Abandoned World War II airfield in Italy

San Pancrazio Airfield is an abandoned Second World War military airfield in Italy, located approximately 4 km northeast of San Pancrazio Salentino in the province of Brindisi in Apulia, on the south-east Italy coast. Built in 1943 by United States Army Engineers, the airfield was primarily a Fifteenth Air Force B-24 Liberator heavy bomber base used in the strategic bombing of Germany. San Pancrazio was also used by tactical aircraft of Twelfth Air Force in the Italian Campaign.

Known units assigned to the airfield were:
- 82d Fighter Group, 3–10 October 1943, P-38 Lightning, (12AF)
- 340th Bombardment Group, 16 October-19 November 1943, B-25 Mitchell, (12AF)
- 376th Bombardment Group, 17 November 1943 – 19 April 1945, B-24 Liberator, (15AF)
- 451st Bombardment Group, 5 March-6 April 1944, B-24 Liberator, (15AF)
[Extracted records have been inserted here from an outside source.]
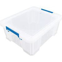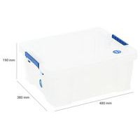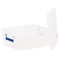 Oppbevaringsbeholder og lokk - robust og slitesterk beholder for all slags oppbevaring. Håndtakene gjør den enkel og praktisk å transportere. Beholderen er gjennomsiktig, noe som gjør det lettere å se og finne tingene i den. Produsert i Storbritannia NSF-sertifisert Maksimal last (kg) : 200 kg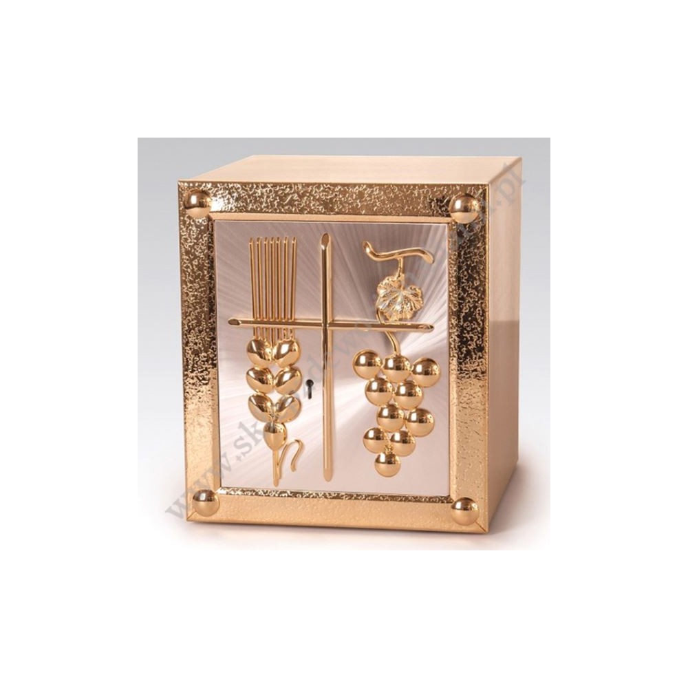 Tabernakulum o wymiarach zewnętrznych: wysokość 30 cm, szerokość 33 cm, głębokość 28 cm.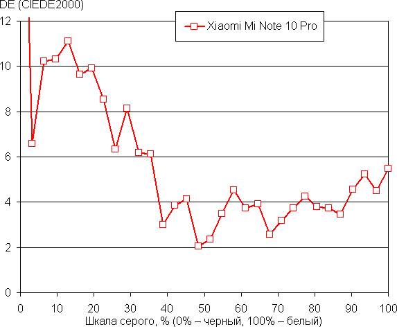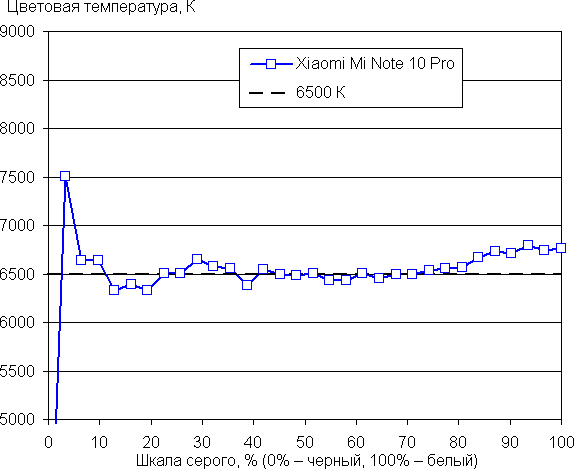 Напомним, что в случае OLED-экранов яркость фрагментов изображения динамично меняется в соответствии с характером выводимого изображения — уменьшается для светлых в целом изображений. В итоге полученная зависимость яркости от оттенка (гамма-кривая), скорее всего, немного не соответствует гамма-кривой статичного изображения, так как измерения проводились при последовательном выводе оттенков серого почти на весь экран.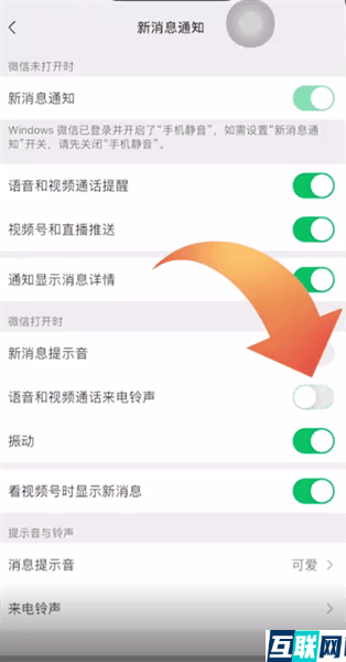 3. 接下来滑动按钮关闭语音和视频通话来电铃声选项就可以关闭了。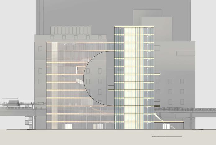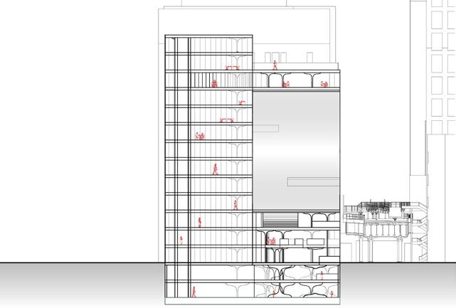 Right elevation of the building along the highline
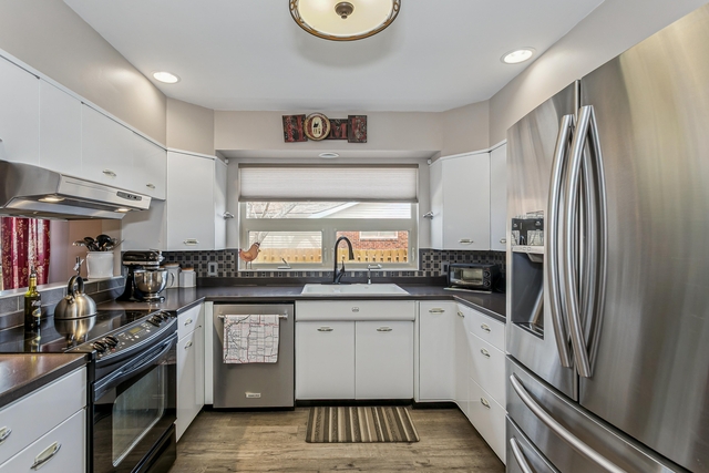✔️ Solid surface counters + classic Geneva cabinetry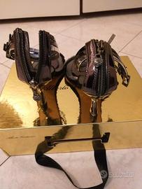 Bellissimi sandali coi cristalli marca Alberto Venturini, taglia 37, tacco 7,5 cm, color grigio metallizzato tempestati di cristalli bianchi, neri e grigi. Cinturini laterali, cerniera con cuoricino tempestato di cristalli dietro. I cinturini hanno colorazioni da argento a nero in pendant con la parte davanti dove ci sono i cristalli con vari colorazioni. Prodotto NUOVO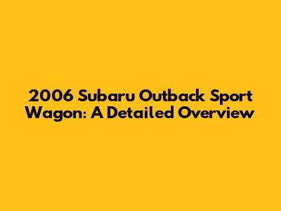 2006 Subaru Outback Sport Wagon: A Detailed Overview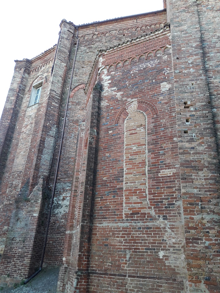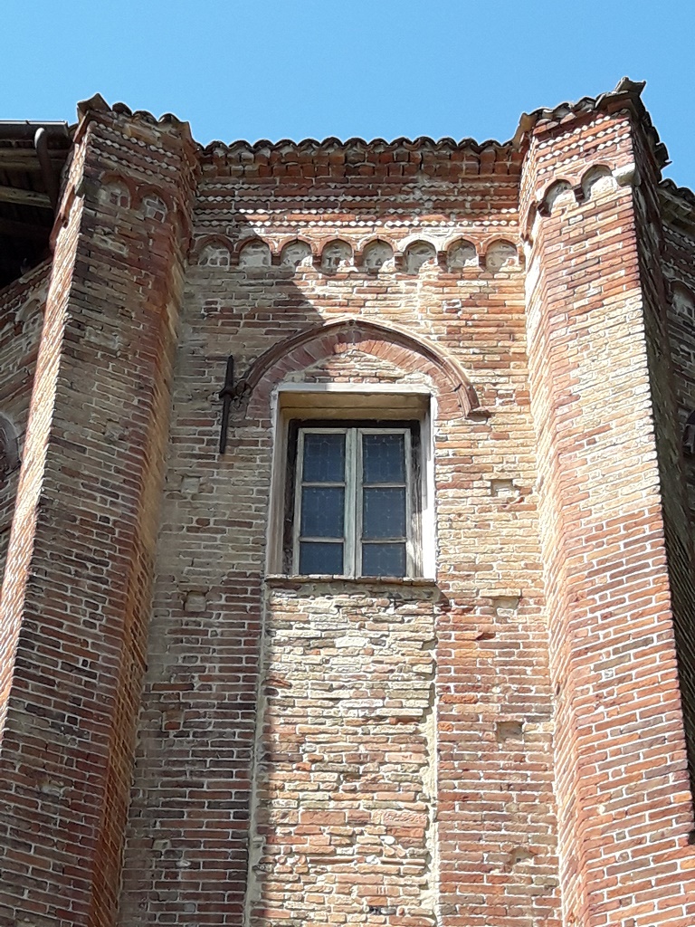 Esterno: conserva della chiesa del 1272 l'abside partita da robuste lesene e decorata da archetti pensili e in cui si vede, dalla finestra dell'abside laterale destra, un capitello gotico con scene di vendemmia. |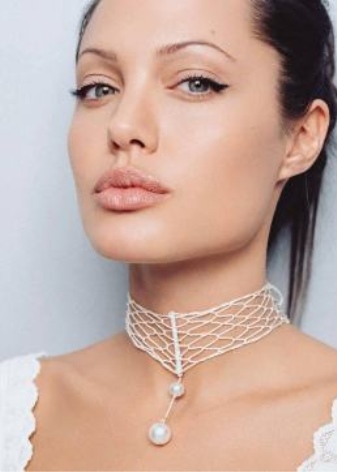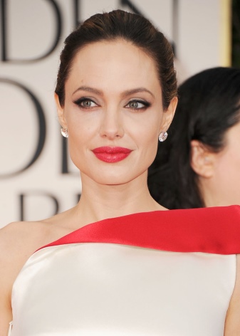 Рекомендуем обратить внимание на звездный образ Анджелины Джоли, где на ней белое платье и красная помада.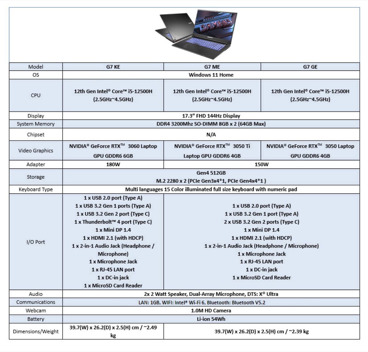 Das 15,6 Zoll große Gigabyte G5 und das 17,3 Zoll Gigabyte G7 haben ein Upgrade erhalten, die beiden Gaming-Notebooks sind nun mit dem Intel Core i5-12500H ausgestattet, der vier Performance-Kerne, acht Effizienz-Kerne und Taktfrequenzen bis 4,5 GHz bietet. Im Vergleich zum Core i5-11400H mit seinen sechs Kernen im Vorgängermodell verspricht der Chip vor allem eine deutlich bessere Multi-Core-Leistung.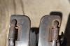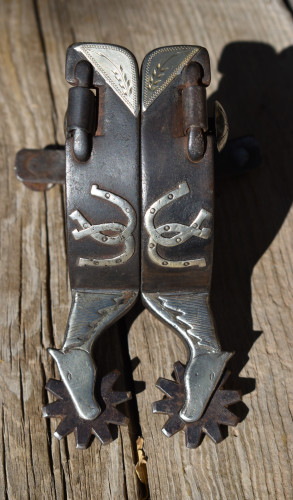 Nice, well made pair of horsehead shank spurs marked PRC (Pat Ray Castleberry). Single mount. Bands measure just under 1" wide, the shanks are 1 3/4" long with 10-pt rowels that measure 1 1/4" across; heel openings are approx. 3" wide. Show some wear on the swingers but still have a lot of life left; rowels are tight.

San Pancrazio Airfield is probably the best-preserved American heavy bomber base in Italy. Most of the main runway and taxiways remain, along with numerous dispersal pads. Numerous remains of wartime buildings are also visible. After the war, the airfield may have been used as San Pancrazio Airport, but today several agricultural buildings are on the main runway. The grass areas of the airfield are used as agricultural fields, but most of the concreted areas remain.